▶ _Activity_: Starting with the first line of the data below, copy each line up to and including the one containing "Rare Foliate Antique". Pictures stay out.

▶ _Provided information_:
=== Begin Enclosure ===

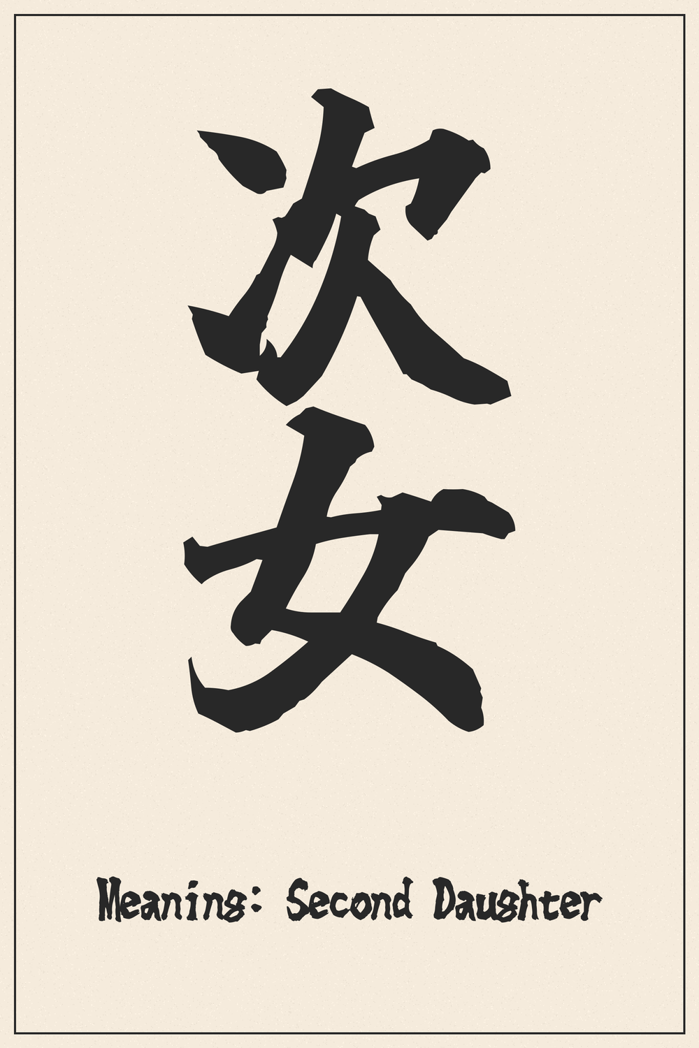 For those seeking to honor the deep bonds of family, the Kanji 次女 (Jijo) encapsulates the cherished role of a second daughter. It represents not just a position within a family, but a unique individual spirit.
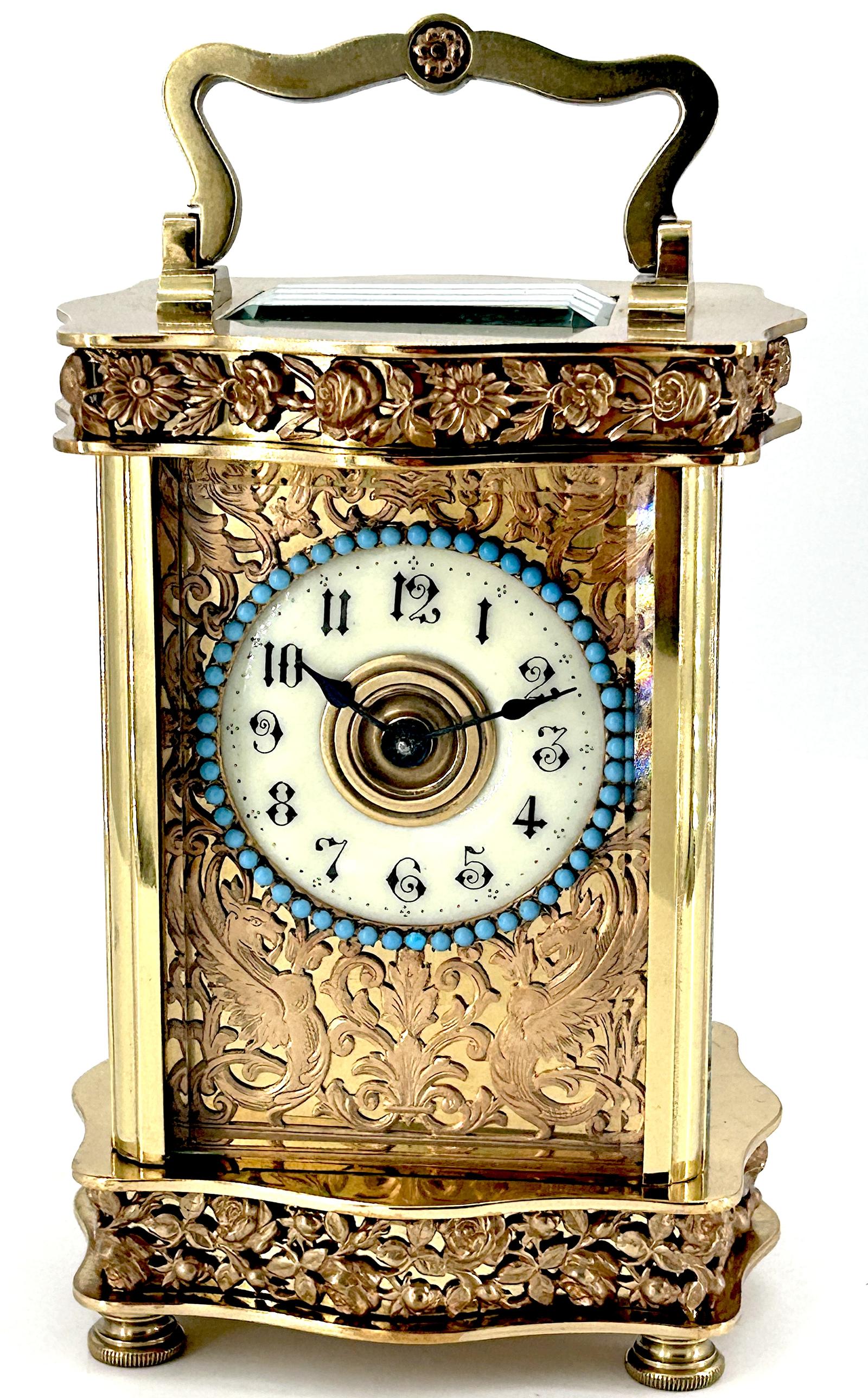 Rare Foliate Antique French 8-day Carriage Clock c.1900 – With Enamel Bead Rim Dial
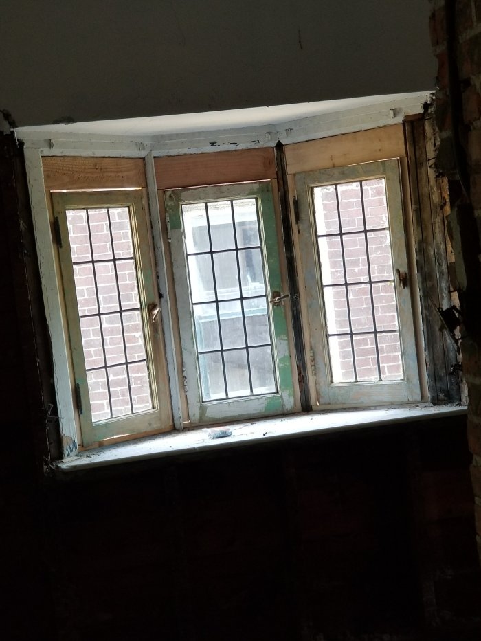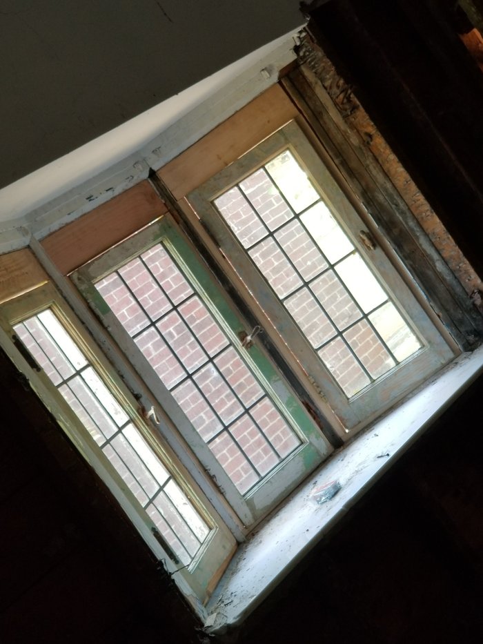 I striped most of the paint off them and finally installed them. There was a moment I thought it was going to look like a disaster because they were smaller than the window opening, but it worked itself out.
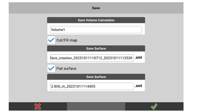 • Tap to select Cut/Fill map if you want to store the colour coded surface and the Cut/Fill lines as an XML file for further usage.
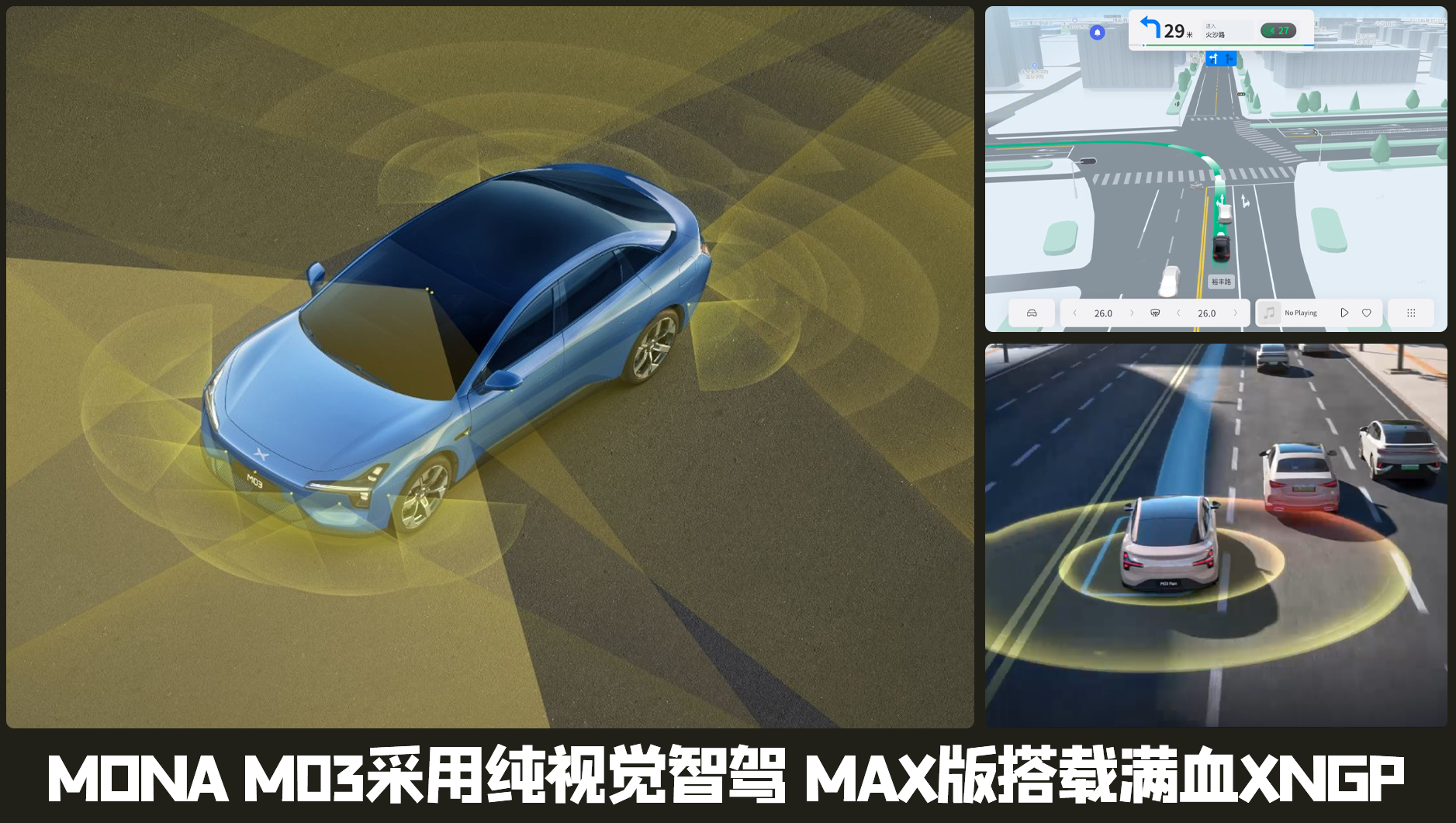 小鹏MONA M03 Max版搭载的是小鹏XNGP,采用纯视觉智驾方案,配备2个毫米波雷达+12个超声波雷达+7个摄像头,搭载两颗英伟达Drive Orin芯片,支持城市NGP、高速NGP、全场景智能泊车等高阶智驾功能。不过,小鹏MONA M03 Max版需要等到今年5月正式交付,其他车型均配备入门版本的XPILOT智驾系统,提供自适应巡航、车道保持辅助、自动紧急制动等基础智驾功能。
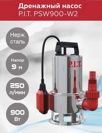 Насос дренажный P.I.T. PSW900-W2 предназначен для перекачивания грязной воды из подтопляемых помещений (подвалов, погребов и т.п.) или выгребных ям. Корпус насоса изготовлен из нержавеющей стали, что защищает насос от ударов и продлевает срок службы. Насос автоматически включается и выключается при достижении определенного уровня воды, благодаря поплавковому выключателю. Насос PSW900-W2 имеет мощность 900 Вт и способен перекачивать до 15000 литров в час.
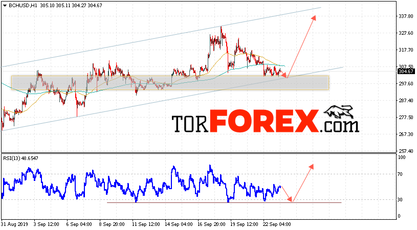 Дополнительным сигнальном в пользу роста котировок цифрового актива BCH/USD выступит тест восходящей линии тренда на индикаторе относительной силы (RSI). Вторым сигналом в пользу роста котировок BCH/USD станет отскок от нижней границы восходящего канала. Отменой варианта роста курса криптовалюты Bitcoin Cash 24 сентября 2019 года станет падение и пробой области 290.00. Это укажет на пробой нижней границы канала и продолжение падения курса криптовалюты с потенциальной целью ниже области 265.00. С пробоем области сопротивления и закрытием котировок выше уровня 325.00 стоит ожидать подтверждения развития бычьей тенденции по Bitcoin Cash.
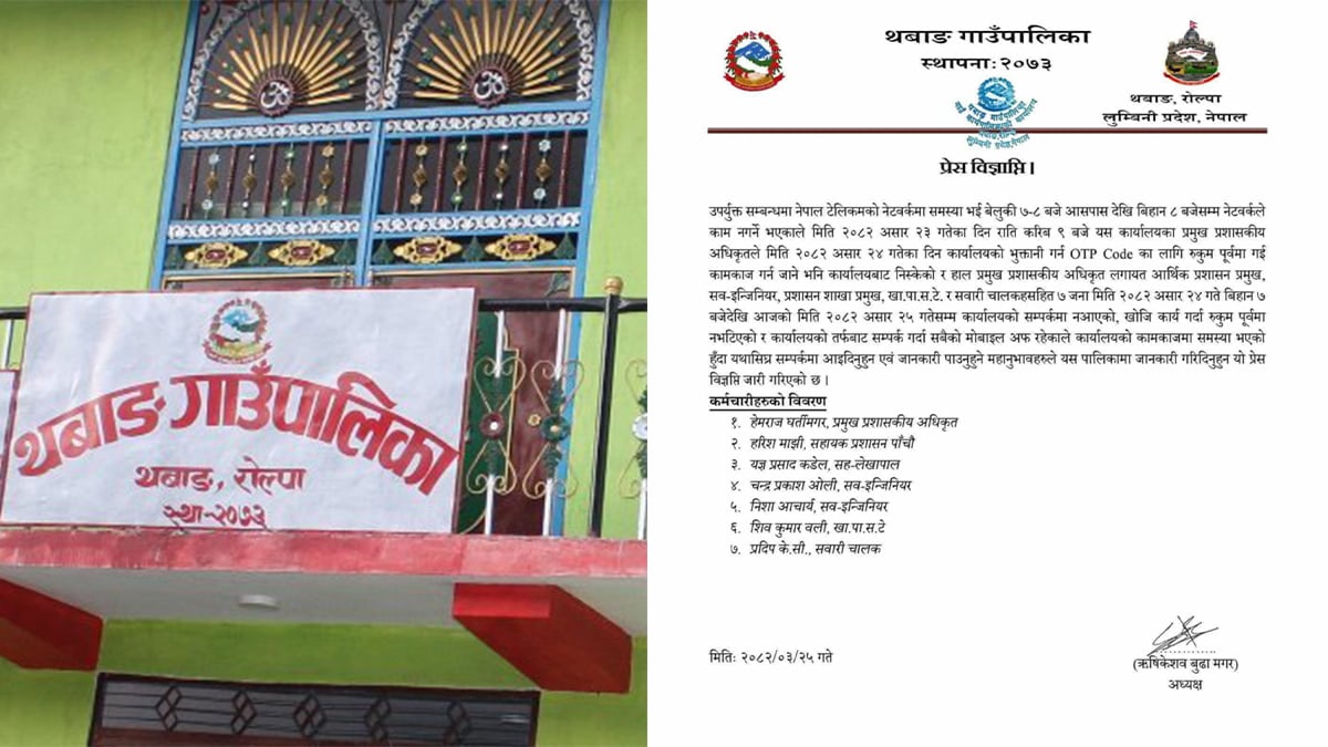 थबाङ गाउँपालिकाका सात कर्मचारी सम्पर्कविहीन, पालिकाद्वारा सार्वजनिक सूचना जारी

=== End Enclosure ===

▶ _Finished task_:
 For those seeking to honor the deep bonds of family, the Kanji 次女 (Jijo) encapsulates the cherished role of a second daughter. It represents not just a position within a family, but a unique individual spirit.
 Rare Foliate Antique French 8-day Carriage Clock c.1900 – With Enamel Bead Rim Dial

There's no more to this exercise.